For reference, here is how we deal with it in pinocchio: see here, inside the update method of pinocchio's broadphase manager (which inherits from coal).
What update does: for a given object in the scene, it looks at all the collision pairs it is involved in and retrieves the maximum security margin of all these pairs. It then inflates the AABB of the object by this maximum security margin.
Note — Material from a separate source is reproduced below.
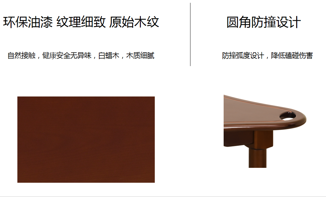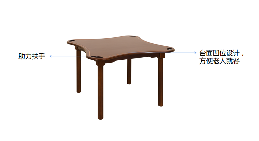 餐桌 基材:為實木白蠟?zāi)究蚣芙Y(jié)構(gòu) 臺面凹位設(shè)計,便于輪椅長者就餐 四角設(shè)有助力拉手孔,便于借力 桌角大圓角設(shè)計,減低碰撞傷害,拆裝結(jié)構(gòu),便于運輸。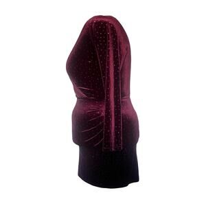 Velvet, Whimsigoth, Glitter, Faux Wrap, burgundy velvet, velvet bodycon, Speechless dress, wrap dress, metallic dot dress, party dress, cocktail dress, long sleeve velvet, vampy dress, holiday dress, coquette evening dress, Y2K clubwear, mob wife glam

You could do something similar in your application:

  1. update the objects' AABBs so that they take into account the security margins as you would like (e.g. what is done in pinocchio's broadphase manager update).
  2. run the broadphase using coal's default CollisionCallBackCollect (this simply stores the pairs of objects that the broadphase has considered as overlapping) or using something more tailored to your application (see the example of pinocchio's CollisionCallBackCollect).
  3. run the narrowphase with the "right" security margin for each pair stored in CollisionCallBackCollect.

Getting back to Coal: I think the value of the broadphase managers in Coal is the implementation of various methods that construct the different data structures and run the broadphase, given a set of objects and their AABBs. Coal proposes default callbacks, but it is quite flexible to suit various specific needs (again, cf pinocchio).

TLDR: I would suggest users to inherit from coal's broadphase manager (to benefit from the core algorithms) and implement their own callback in their application. I am not convinced it's the job of coal to handle specific use cases.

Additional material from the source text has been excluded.